Sometimes we don’t have the luxury of taking a full week (or several weeks) off from work—let alone the ability to pay for such a lengthy trip. But there are fun, relaxing and affordable places you can go for a long weekend instead, and steps you can take to reduce costs along the way, like choosing a time of year when crowds will be minimal (that means no peak seasons or holiday weekends) and avoiding traveling when well-known events will be taking place.
If your budget is less than $500, here are five places to visit for a three-night trip (airfare not included).
Myrtle Beach, South Carolina
Listed by U.S. News & World Report as one of “30 Cheap Weekend Getaways,” Myrtle Beach, South Carolina, is an especially great option if you live on the East Coast and want to drive south for some warmer weather. Not only will you find free beaches—Myrtle Beach is the most popular, with its 1.2-mile-long boardwalk and famous SkyWheel ($16.99 for adults), the first observation wheel of its kind in the United States—but also plenty of free and low-cost activities.
Enjoy free nightly shows from June 1 until September 1 at Broadway at the Beach (think fire dancers, musical performances, stilt walkers and more), head to the Market Common for tons of free events and discounted activities (a full list here), go fishing or on a nature walk in Myrtle Beach State Park ($8 entrance fee for adults), sip delicious wines at La Belle Amie Vineyard ($7.70 for a tasting, $3 for admission to its Wednesday on the Decks events or $17 for its Saturday festivals), take a helicopter ride for spectacular views of the coastline and ocean (just $20 per person with OceanFront Helicopters) or check out one of the 50 miniature golf courses, many of which are themed—pirate ships, dinosaurs, volcanoes—and offer coupons (children under two are free at most; adults can expect to pay anywhere from $10 to $15). For more deals, look through Myrtle Beach’s official 2022 Coupon Booklet.
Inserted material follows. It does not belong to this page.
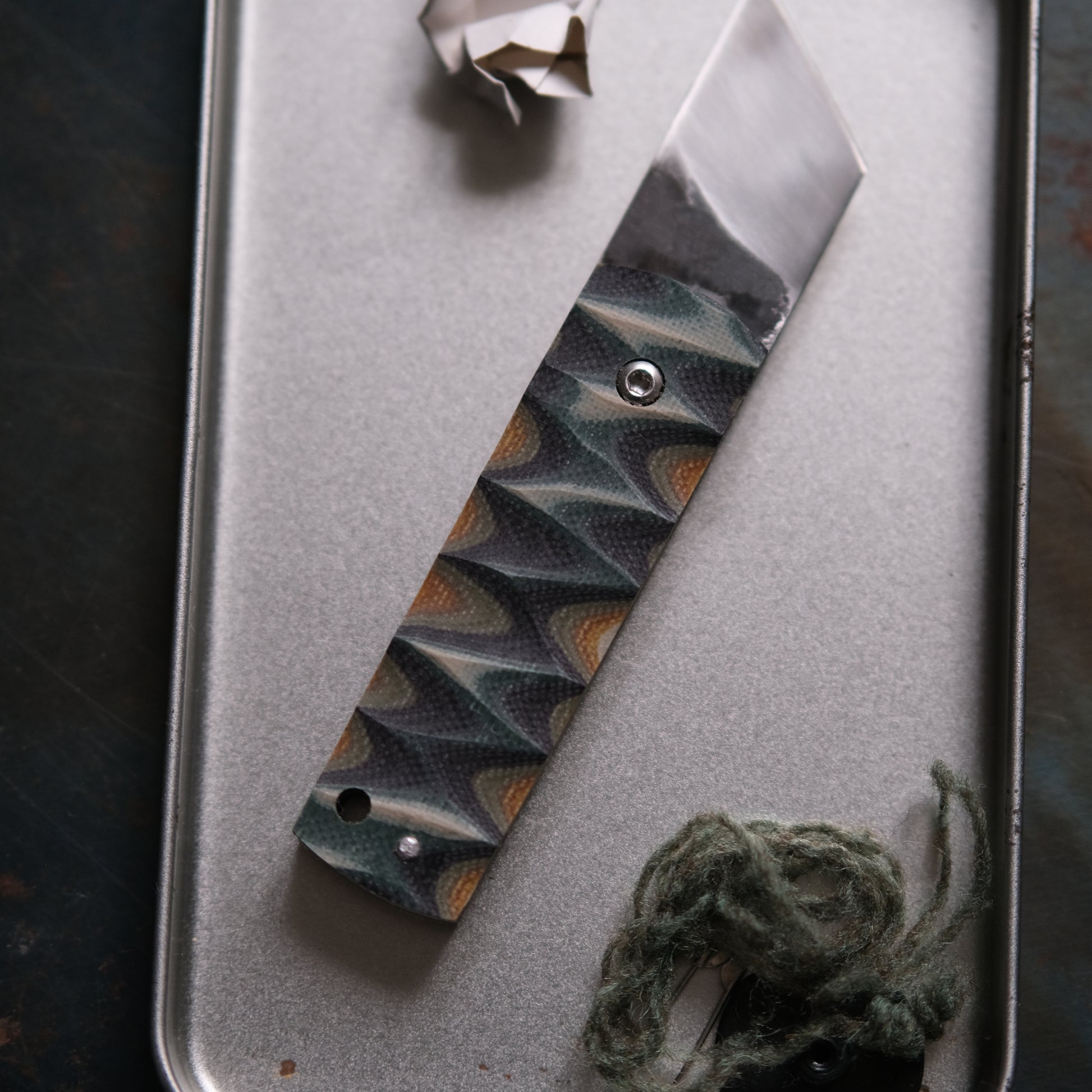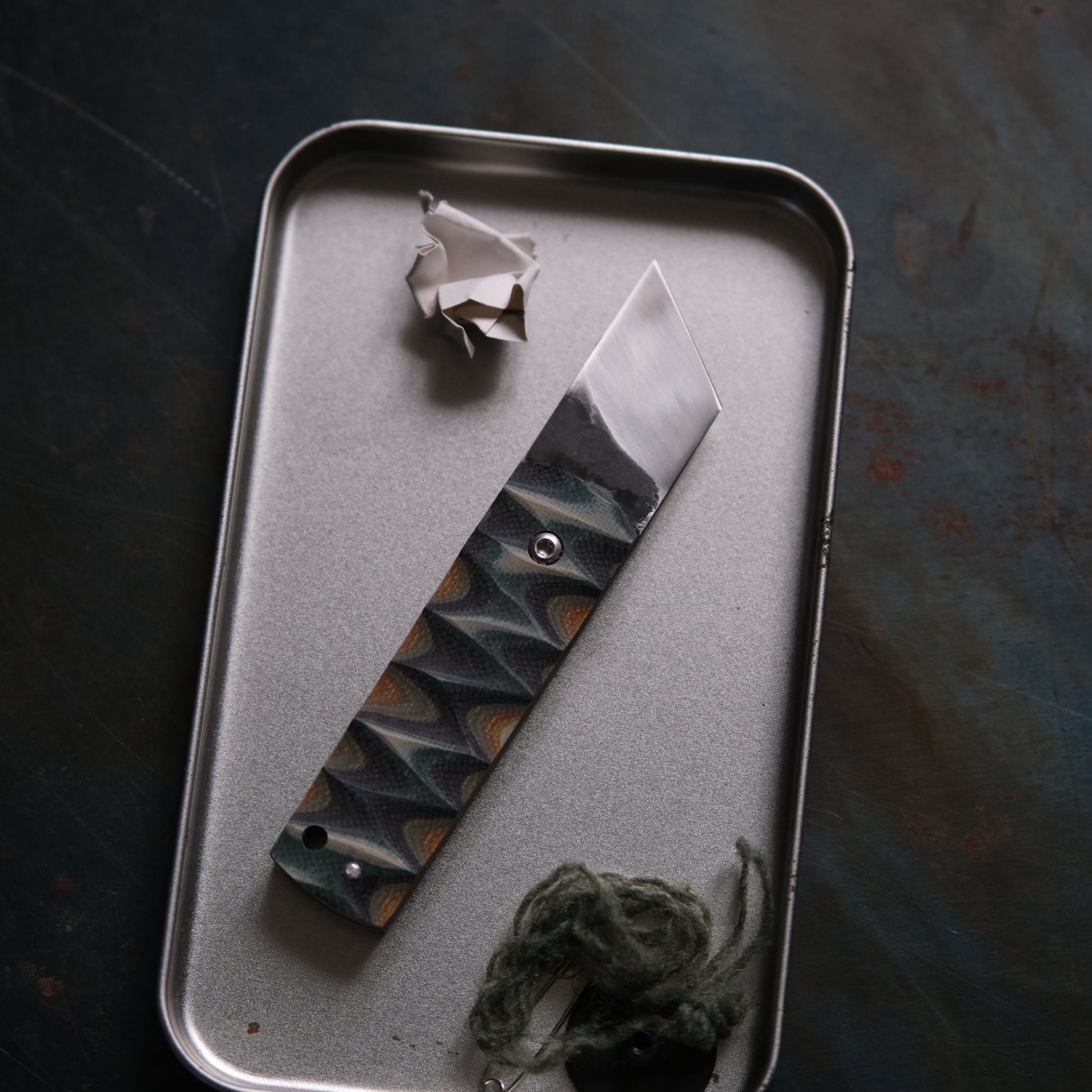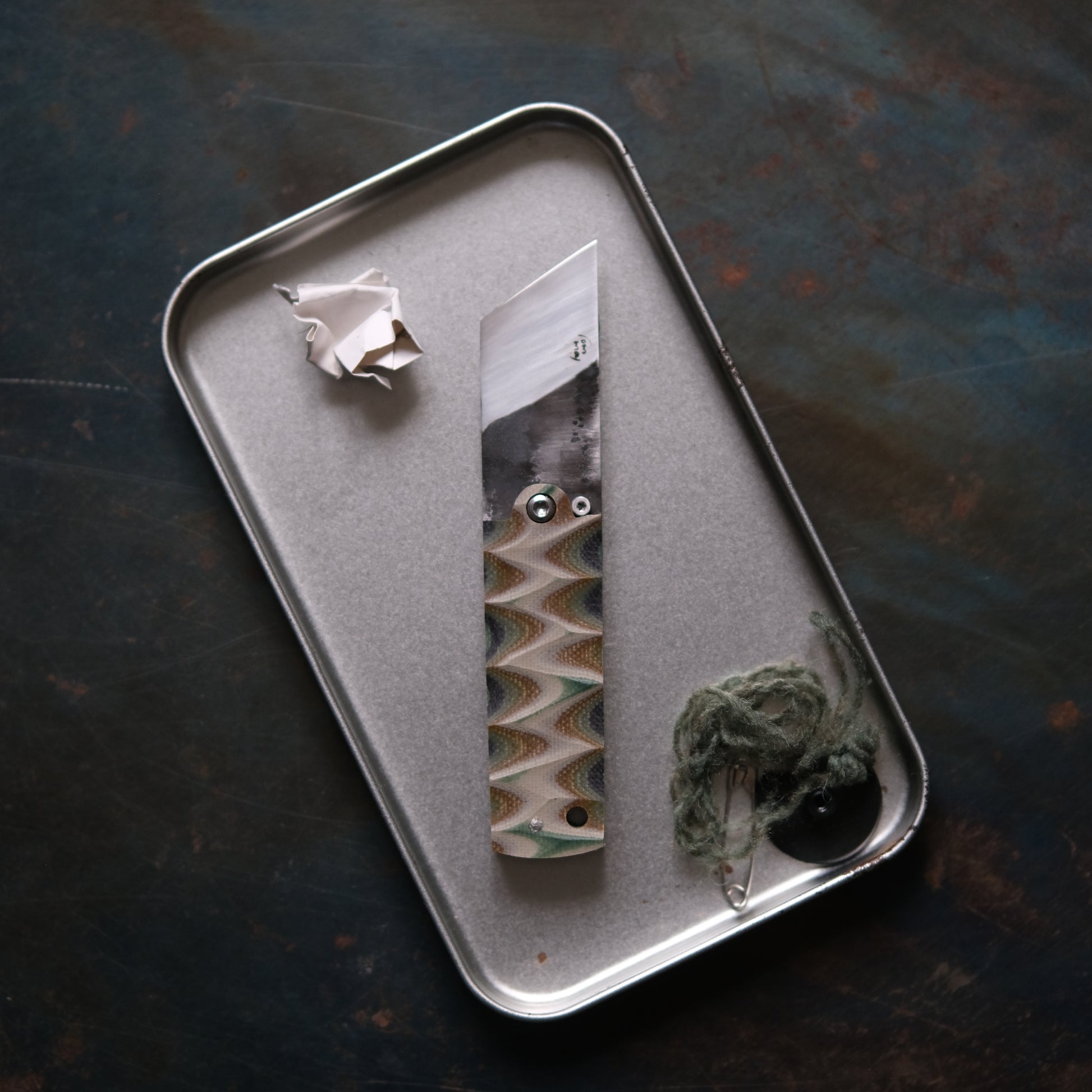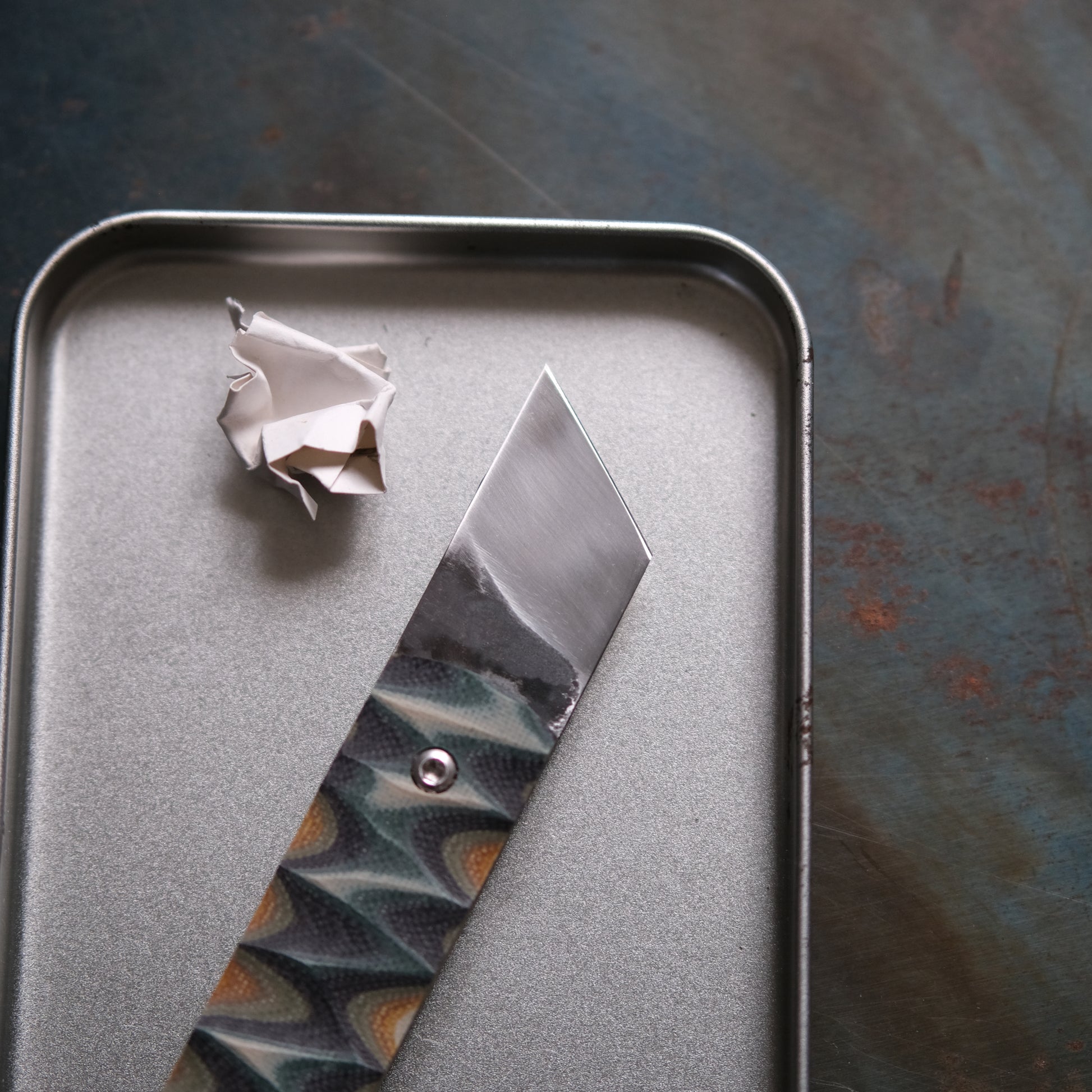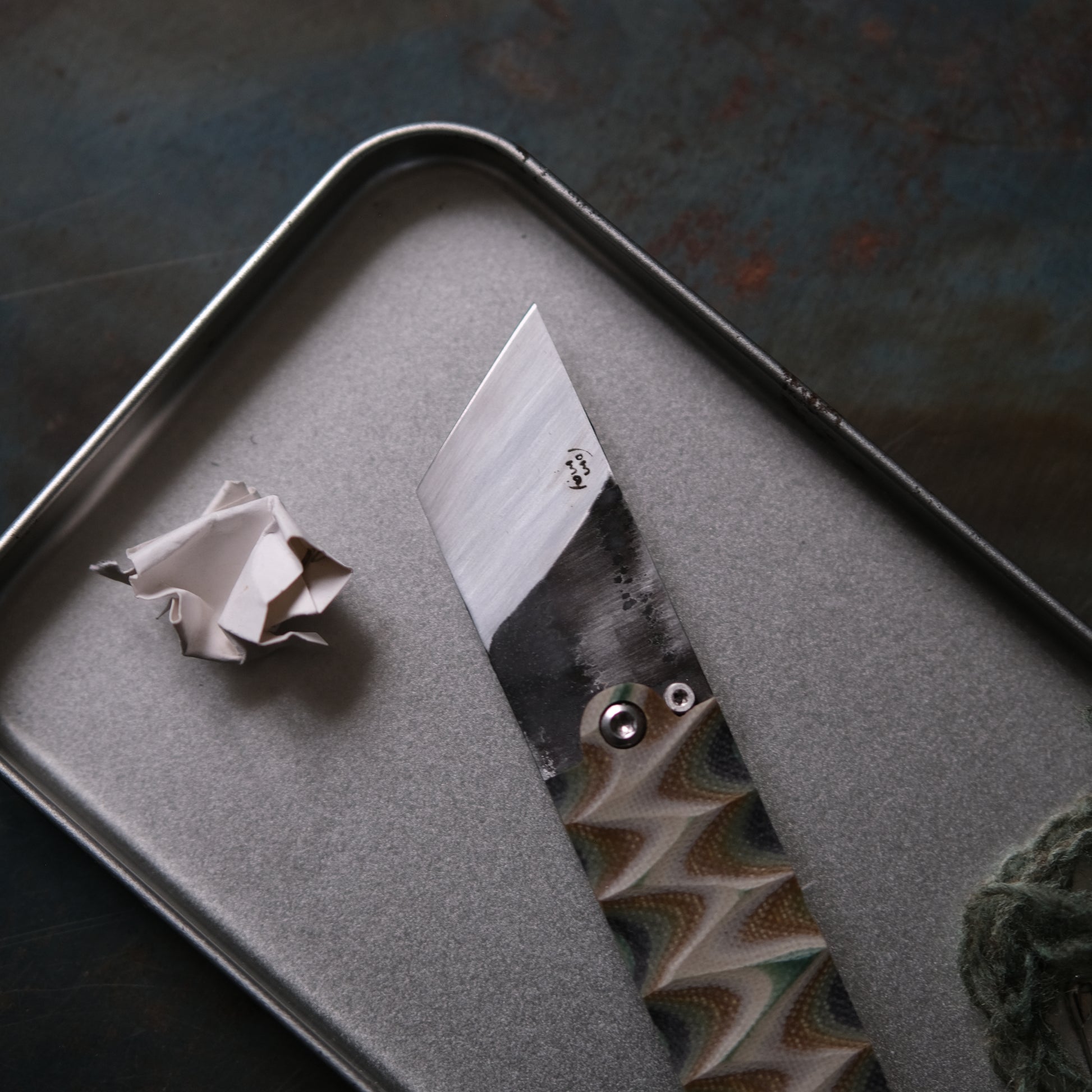 Le couteau pliant SUNBAE est inspiré des cutters japonais, les kiridashis. Il a été réalisé à la main par mes soins, dans mon atelier en Touraine.

Where to stay: Three nights under $500 is a tricky one in terms of lodging, but you can’t go wrong with a Red Roof Inn that’s just an eight-minute walk to the beach. Even at the peak of the summer season, you can get a room there with two double beds for about $427. Or consider The Inlet Sports Lodge in Murrells Inlet ($487 for three nights in a deluxe studio), which has an outdoor swimming pool, restaurant and continental breakfast and is just a nine-minute drive to the beach.
Las Vegas, Nevada
You might be surprised to see this one on the list, but if you’re not booking swanky suites, going to see Adele or trying your luck at the big boy blackjack tables, Las Vegas can actually be a very affordable weekend getaway. In fact, there are many things you can do for less than $20: Take in the 360-degree views from the SkyPod Observation Deck (the tallest freestanding tower in the United States), get up close and personal with dozens of sharks at Shark Reef Aquarium, explore the Bellagio Gallery of Fine Art and its unique exhibits, take a hike in Red Rock Canyon (25 miles west of Las Vegas) or see a Nathan Burton Comedy Magic show, which is exactly what it sounds like. You can also catch free concerts on Fremont Street and stroll along the Strip to see some iconic Vegas landmarks.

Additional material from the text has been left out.